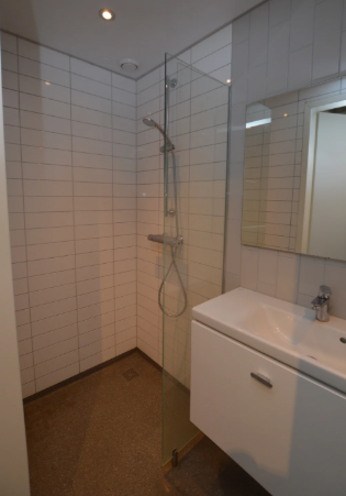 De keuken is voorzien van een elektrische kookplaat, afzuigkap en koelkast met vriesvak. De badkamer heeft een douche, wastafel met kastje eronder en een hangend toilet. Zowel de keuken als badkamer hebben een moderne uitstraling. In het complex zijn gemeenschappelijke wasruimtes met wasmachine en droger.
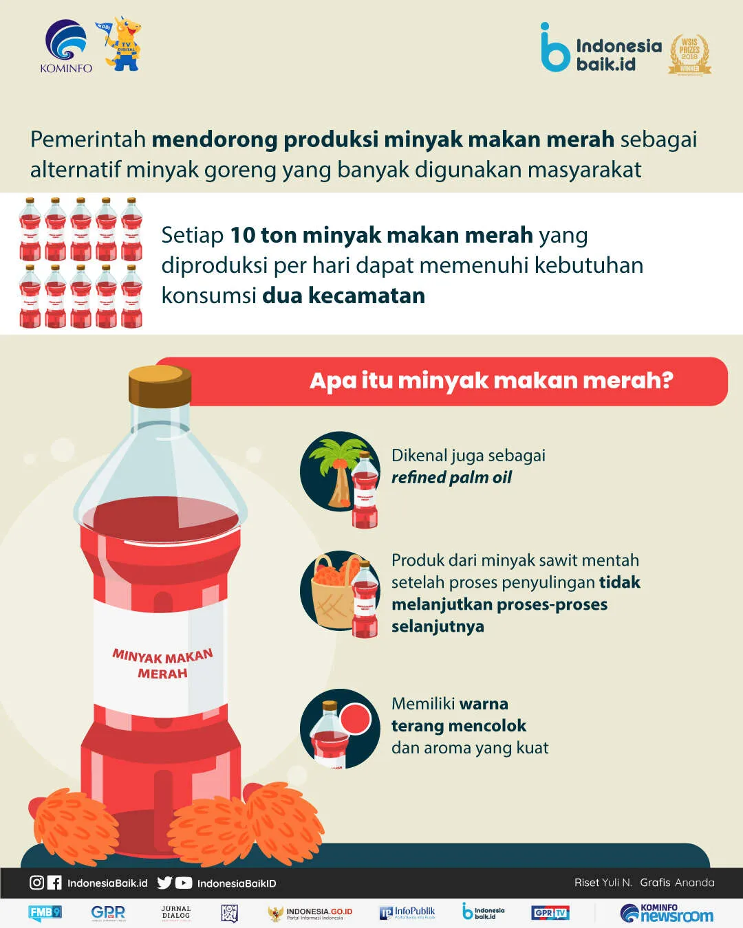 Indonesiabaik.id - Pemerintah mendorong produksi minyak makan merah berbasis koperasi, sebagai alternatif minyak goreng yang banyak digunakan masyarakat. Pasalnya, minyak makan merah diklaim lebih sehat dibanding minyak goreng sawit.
⁂
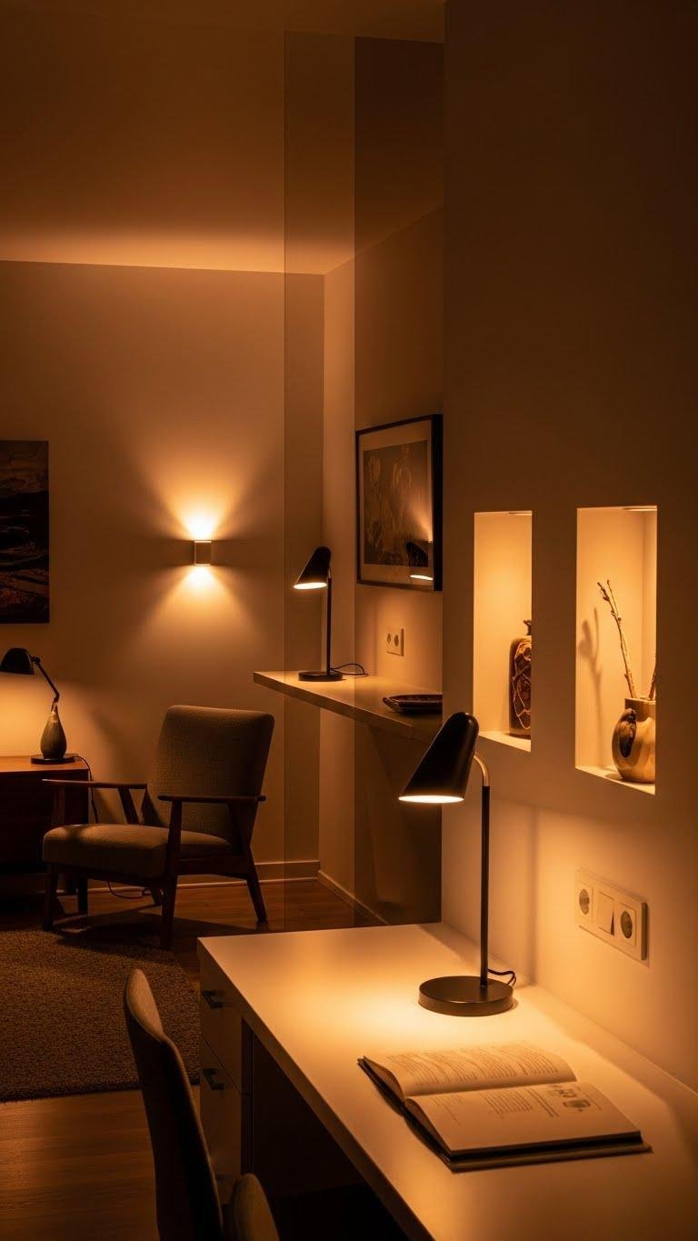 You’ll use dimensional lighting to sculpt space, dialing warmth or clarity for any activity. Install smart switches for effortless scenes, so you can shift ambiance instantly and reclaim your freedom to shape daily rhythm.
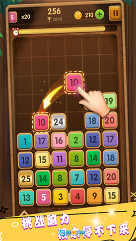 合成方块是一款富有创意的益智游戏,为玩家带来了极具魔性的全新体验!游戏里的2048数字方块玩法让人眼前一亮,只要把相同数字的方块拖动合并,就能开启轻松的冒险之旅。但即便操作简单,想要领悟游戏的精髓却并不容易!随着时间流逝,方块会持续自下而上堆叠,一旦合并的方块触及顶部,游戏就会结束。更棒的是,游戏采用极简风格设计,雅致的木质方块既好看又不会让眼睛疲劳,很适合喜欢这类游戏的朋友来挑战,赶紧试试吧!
⁂
From the data above, return exactly the lines from the one with "De keuken is" up to and including the one with "Indonesiabaik.id - Pemerintah". Pictures do not go in the copy.

 De keuken is voorzien van een elektrische kookplaat, afzuigkap en koelkast met vriesvak. De badkamer heeft een douche, wastafel met kastje eronder en een hangend toilet. Zowel de keuken als badkamer hebben een moderne uitstraling. In het complex zijn gemeenschappelijke wasruimtes met wasmachine en droger.
 Indonesiabaik.id - Pemerintah mendorong produksi minyak makan merah berbasis koperasi, sebagai alternatif minyak goreng yang banyak digunakan masyarakat. Pasalnya, minyak makan merah diklaim lebih sehat dibanding minyak goreng sawit.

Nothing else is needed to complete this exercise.